BREAKINGNEWS.CO.ID  - Warga negara Korea Selatan berinisial DS (sebelumnya ditulis SD) merupakan petinggi di PT Arum Investment Indonesia, salah satu induk perusahaan Snowbay Waterpark di Taman Mini Indonesia Indah. DS resmi ditetapkan sebagai tersangka atas kasus penyalahgunaan narkotika. Bagaimana status hukum selanjutnya, DS kabarnya akan dirujuk ke Badan Narkotika Nasional Kota Jakarta Selatan. 

"Yang bersangkutan telah ditetakan sebagai tersangka," ucap Kasubdit Ditresnarkoba Polda Metro Jaya, Ajun Komisaris Besar Polisi Calvijn Simanjuntak di Polda Metro Jaya, Selasa (10/7/2018).

DS diassesment ke Badan Narkotika Nasional Kota (BNNK) Jakarta Selatan karena hanya terbukti diduga mengkonsumsi narkoba berdasarkan tes urinenya yang positif narkoba, tetapi belum ditemukan narkoba saat dia diciduk. "Sekarang kita lakukan. Hari ini saya serahkan ke BNNK. Nanti pas assesmentnya," kata Calvijn.

Perwira lulusan Akpol 1999 ini mengatakan sejauh pemeriksaan ini DS kooperatif. Dalam proses hukum yang menjerat seseorang tersangka dalam kasus narkoba ketika assesment dilakukan yang bersangkutan berarti harus menjalani proses reabilitasi. Proses rehabilitasi ini menempatkan seseorang yang tertangkap kasus narkoba akan menjalani perawatan di panti rehab narkoba yang ditentukan oleh BNNK. "Kalau tersangka ya tersangka tapi kita lakukan assessment nanti hasilnya (kemungkinan) rehab," kata Calvijn.

Sebelumnya diberitakan, seorang Warga Negara Korea Selatan berinisial SD diciduk jajaran aparat Direktorat Reserse Narkoba Polda Metro Jaya Senin 9 Juli 2018 kemarin.

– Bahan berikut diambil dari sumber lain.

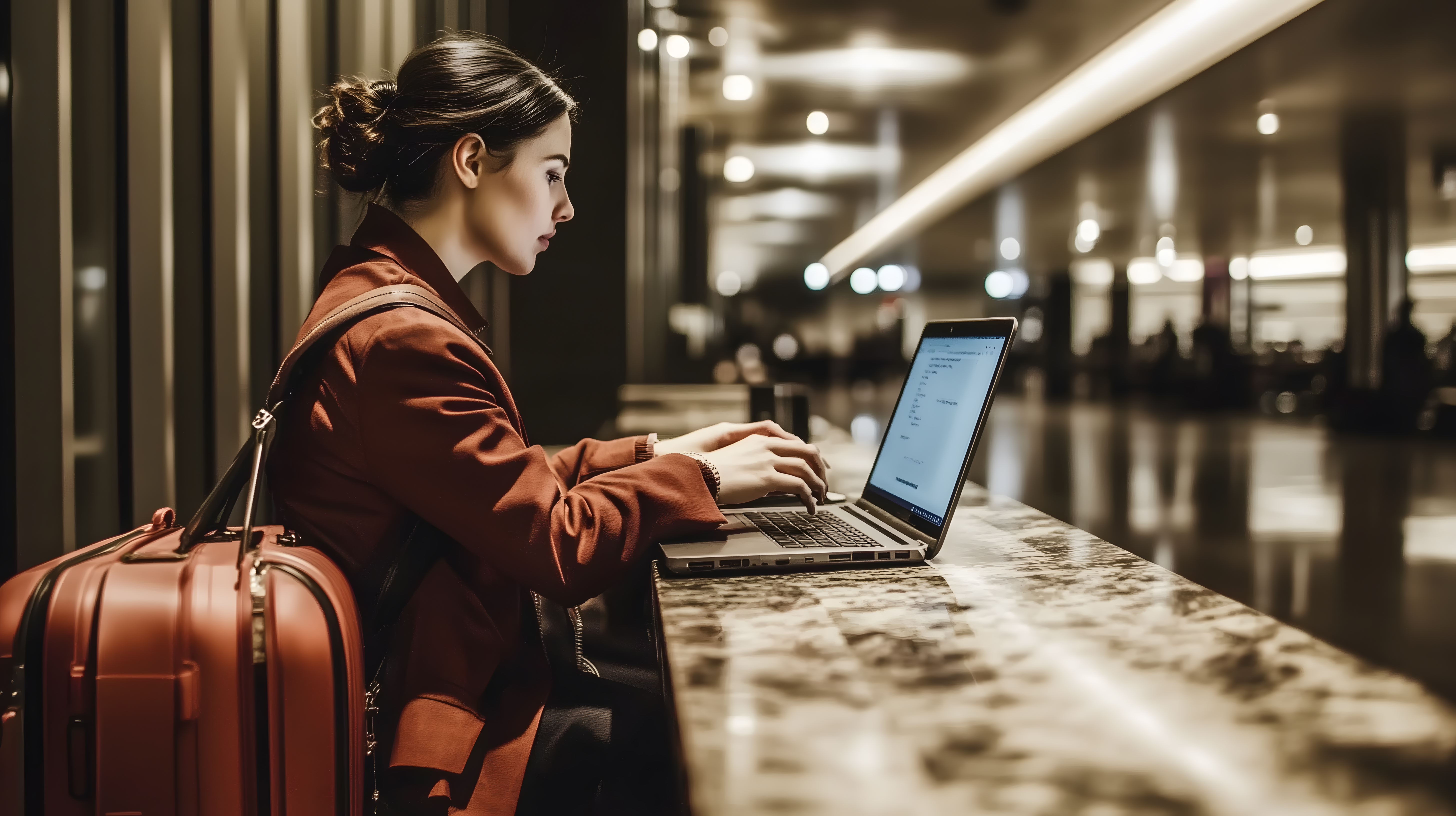 Das Bild zeigt eine Geschäftsfrau, die konzentriert an ihrem Laptop in einer Flughafenlounge arbeitet. Sie sitzt an einem Marmortisch und hat einen Koffer neben sich stehen. Die Lounge ist durch helle, warme Beleuchtung und ein modernes, minimalistisches Design geprägt. Das Bild vermittelt den Eindruck von Mobilität, Produktivität und Geschäftsmäßigkeit. Dieses hochauflösende Stockfoto eignet sich hervorragend für Blogbeiträge, Werbeanzeigen oder Newsletter zum Thema Reisen, Arbeit, Unternehmertum oder Büroalltag. Es steht unter der Creative-Commons-Lizenz zur kostenlosen Nutzung zur Verfügung.

Dia diciduk di sebuah apartemen di kawasan Jakarta Selatan lantaran diduga terlibat kasus penyalahgunaan narkotika. DS merupakan bos Snowbay Waterpark di Taman Mini Indonesia Indah.

Penangkapan terhadap bos Snowbay di Taman Mini Indonesia ini dibenarkan oleh Direktur Reserse Narkoba Polda Metro Jaya Komisaris Besar Polisi Suwondo Nainggolan. Suwondo menyatakan kasusnya sedang ditangani Subdit I dipimpin AKBP Calvijn Simanjuntak. "Langsung aja ke pak Calvijn ya," ujarnya.